FEATURES AKAI SOLO Is One of Rap’s Brightest Talents By Phillip Mlynar · February 11, 2020

It’s a brisk winter weekday afternoon and AKAI SOLO is returning to his home in Bushwick, Brooklyn after finishing up a side gig walking dogs and reflecting on the moment he finally felt accepted by hip-hop culture. “Music was always in my life, but all the images throughout hip-hop at the time, I didn’t really see myself in it until 2008 and Kid Cudi was coming,” says the rapper. “He redefined the image of what a hip-hop artist could look like: I could relate to that story of this alternative quirky black person trying to convey their expression without compromising themselves.”

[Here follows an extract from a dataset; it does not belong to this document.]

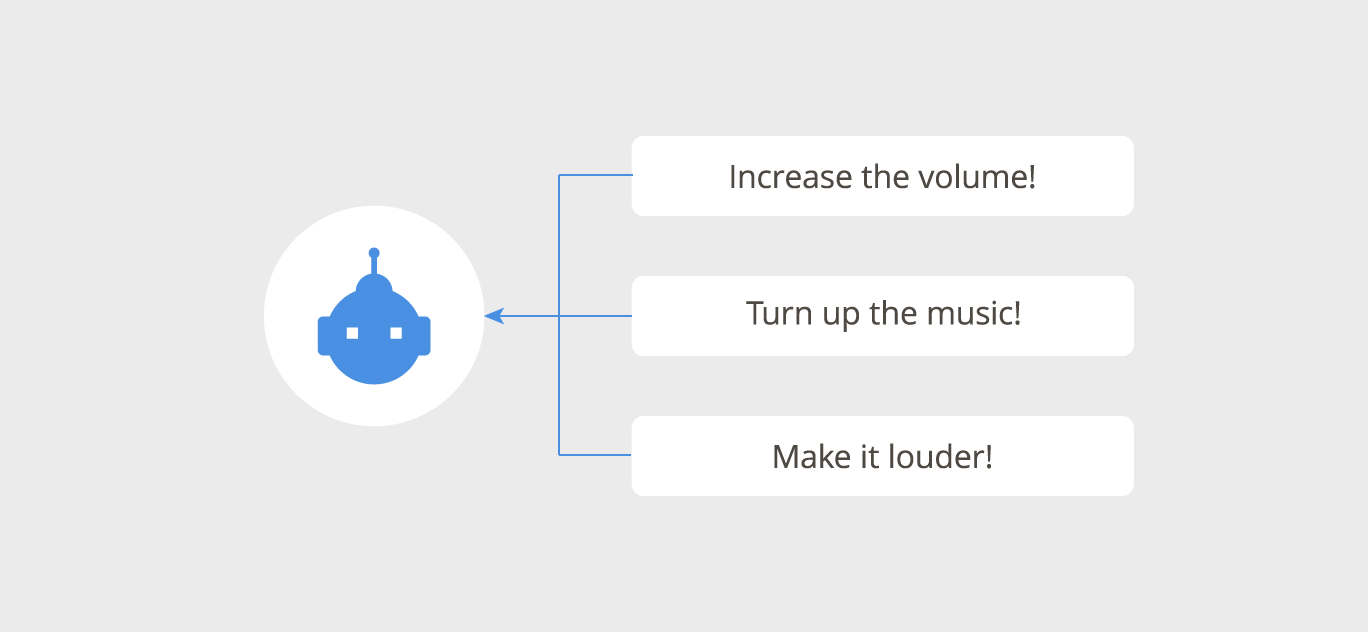 ある特定の領域では非常に優れている機械がその他の領域では全く役に立たないことがあるということはよく知られています。これは、機械による言語理解にも当てはまります。チャットボットに「それを私のショッピングバスケットに入れて」と言えば、チャットボットはすぐにその仕事を完了することができます。しかし、同じチャットボットに「それを私のカートに加えて」と言うと、命令に使われる言葉が異なるので、チャットボットがその命令を処理できないということが生じる場合があります。人間が言語を学習する際、同じことを意味する様々な言い方を習得する必要があるのと同じように、チャットボットのアルゴリズムはたくさんの同じようなフレーズで学習させてそれらの関係を理解し、新しいフレーズの意味を推測できるようにならなければなりません。

Since finding a comfortable spot within the hip-hop world, AKAI SOLO has cultivated a reputation as one of the genre’s brightest rising talents. His stream-of-consciousness lyrics typically sink into an addictively hazy melange of dusky soul and funk loops underscored by hypnotically thudding drums. AKAI SOLO’s bars express a heady blend of spiritual and political enlightenment mixed with braggadocio, delivered through the lens of anime and video game references. A team-up with Pink Siifu (2019’s Black Sand), plus an appearance on the bluesy “Long Grass” from billy woods’s Terror Management album, have boosted AKAI SOLO’s profile even further. Having signed on to executive produce an upcoming project for AKAI SOLO, woods compliments the younger MC’s voice and delivery as being, “Off-the-cuff but in the pocket. [He’s] projecting but not shouting: It’s hard not to just shout all the time; it’s also hard to know when you need to be shouting.”

Born and raised in Flatbush, AKAI SOLO’s home environment was dominated by the Spanish music his grandmother raised his mother and aunt on. “I’m half-Panamanian and half-Nigerian, so hip-hop wasn’t played too frequently,” he says. “There was a cultural barrier.” AKAI SOLO roots his interest in becoming a rapper to his love of writing essays and reading poetry at school. During sixth grade, a math teacher played the class Aesop Rock’s “Nickel Plated Pockets,” from the MC’s 2001 Definitive Jux EP Daylight. At one point Aesop raps, “You could pretty safely quote Shamar/ Life’s ill, sometimes life might kill.” “Shamar” here refers to rapper Vordul Mega from Cannibal Ox. “We didn’t know that,” says AKAI SOLO, “but we had a classmate named Shamar and we felt involved in the narrative.”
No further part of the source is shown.